В момент, когда в классе он показывал мне то, что должно было быть моей первой фразой в танце, в начале комбинации он был тут, рядом со мной, затем, в ее финале, он был уже там, в другом конце сцены. Между этими двумя частями комбинации была дыра во времени и пространстве, пропасть, которую невозможно было заполнить посредством выученных мной шагов.
Мерс сказал: «Ты ломаешь это, затем ты опять собираешь это вместе».
Потом сказал: «У тебя есть идея, затем ты меняешь ее».
Затем еще: «Я не работаю с идеями в точности».
Мы выехали на рассвете. Нам предстоял длинный путь по Лонг-Айленду к месту нашего следующего представления. Говорили немного, все чувствовали себя сонными и уставшими от длинного дня. К счастью для нас, ресторан, в котором мы планировали пообедать по дороге, был пуст. Мы сели за большой круглый деревянный стол, покрытый толстым слоем лака и украшенный фестонами по окружности. Этот общий круг, в котором оказалась наша компания, был необычен. Индивидуальности не были близки, не были в символической гармонии. Под пристальными взглядами портретов на стенах мы поддерживали неторопливое молчание, которое казалось бесконечно длинным. Наконец Джон Кейдж, сидящий рядом с Мерсом, заговорил. С вздыхающей интонацией он сказал: «Вот она, богемная жизнь». Никто не улыбнулся.
Мерс сказал: «Чтобы подготовиться, ты репетируешь, но ты не думаешь о репетициях именно как о подготовке».
Потом добавил: «Ты всегда можешь сделать что-то из того, что уже есть».
В импровизированном разговоре с композитором Гордоном Мамма, пока наши ноги топтали гравий по дороге в какой-то мотель или что-то вроде этого, он сказал: «Стиль – это повторение».
В выходной, во время самостоятельной работы на сцене Зеллербах в Беркли, импульсивно указывая в темноту и на дальний балкон, я спросил: «Как вы можете танцевать для кого-то, кто там, наверху?» Без колебания он ответил: «Ты представь, что ты сидишь рядом с ним».

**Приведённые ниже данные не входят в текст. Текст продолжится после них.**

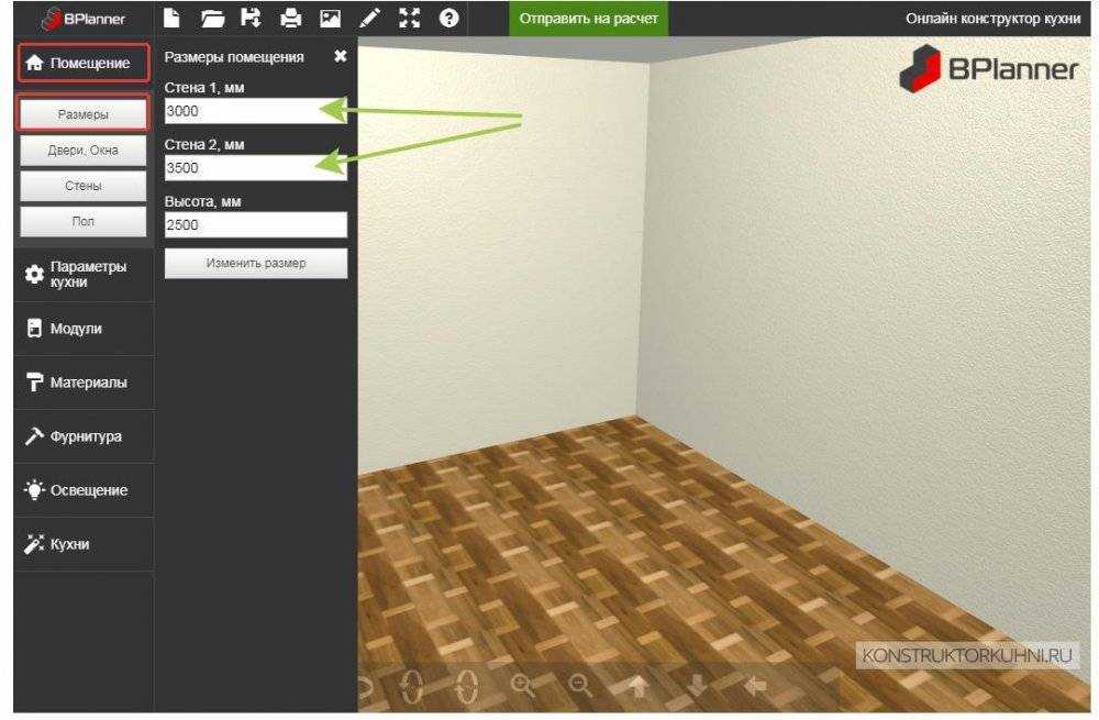 1. Указать размеры кухни

Однажды в студии, между классом и репетицией, пока мы чавкали сэндвичами, я спросил его, что делать с тем, что не получаешь удовольствие от танца. С таким видом, словно ему не понравился вопрос, он предложил представить, что однажды ты посвящен чему-то или кому-то, и ты сохраняешь приверженность этому даже тогда, когда удовольствие отсутствует, – и он упомянул о Марго Фонтейн, продолжающей ежедневные танцевальные репетиции, которые никогда не казались насилием над собой.

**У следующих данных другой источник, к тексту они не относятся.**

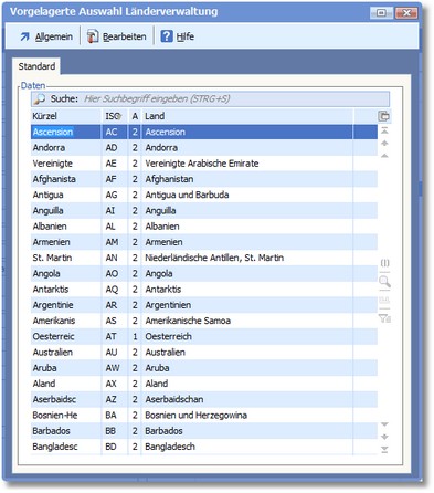 Mit der Länderverwaltung stellt das Programm einen Stammbereich für die Ländertabelle nach dem ISO-ALPHA-II-Code zur Verfügung. Außerdem wird die Speicherung von landesspezifischen Parametern ermöglicht, die bei Zuordnung eines Landes zu einer Adresse in den Kunden- oder Lieferantenstammsatz übernommen werden können. Im Lieferumfang der ERP - Warenwirtschaft befinden sich ca. 200 Länderdaten.

Его магическая способность появляться каждое утро даже свежее и энергичнее, чем я, который на 24 года его моложе, привела меня в конечном итоге к тому, чтобы пересмотреть знаменитую формулу Эйнштейна: E = MC2 стало MC = E2.
Дэвиду Тудору, который переделывал фортепианный концерт под живые электронные инструменты, Мерс не уставал повторять: «Ты обязан переучивать себя».
И потом сказал: «У меня никогда не было проблем с ритмом».
И еще добавил: «Гертруда Стайн понимала язык как ритм». Хм-м-м, сейчас я уже не уверен, возможно, он сказал «ритм как язык».
В туре, после дневной репетиции, полуденной еды и послеполуденной дремоты, часто наступал пустой час, неопределенность. Не желая впадать в предконцертный мандраж, я предпочитал ленивое экзистенциальное отчаяние. Что я здесь делаю? Почему я танцую? Я только в начале, в середине или ближе к концу эволюционной выразительности этой небольшой частицы, которая есть Я? Обычно я разыскивал Чарли (видеографа Чарльза Атласа). Он решал вопросы с костюмами и другими аксессуарами, и наша болтовня отодвигала мои проблемы на второй план. Менеджер Джин Риг был также кем-то, кто всегда был готов поддержать поникший дух танцоров. Однажды после обеда, по дороге из гостиницы в один из театров, где мы были на гастролях, я встретил Мерса. Пытаясь скрыть свое настроение, хотя, как мне показалось, он почувствовал его, и начав разговор так, как будто мы уже общаемся битый час, я поинтересовался: «За что в жизни следует держаться?» Я подразумевал, что вопрос этот риторический, но он ответил. «Ни за что не следует». И ушел.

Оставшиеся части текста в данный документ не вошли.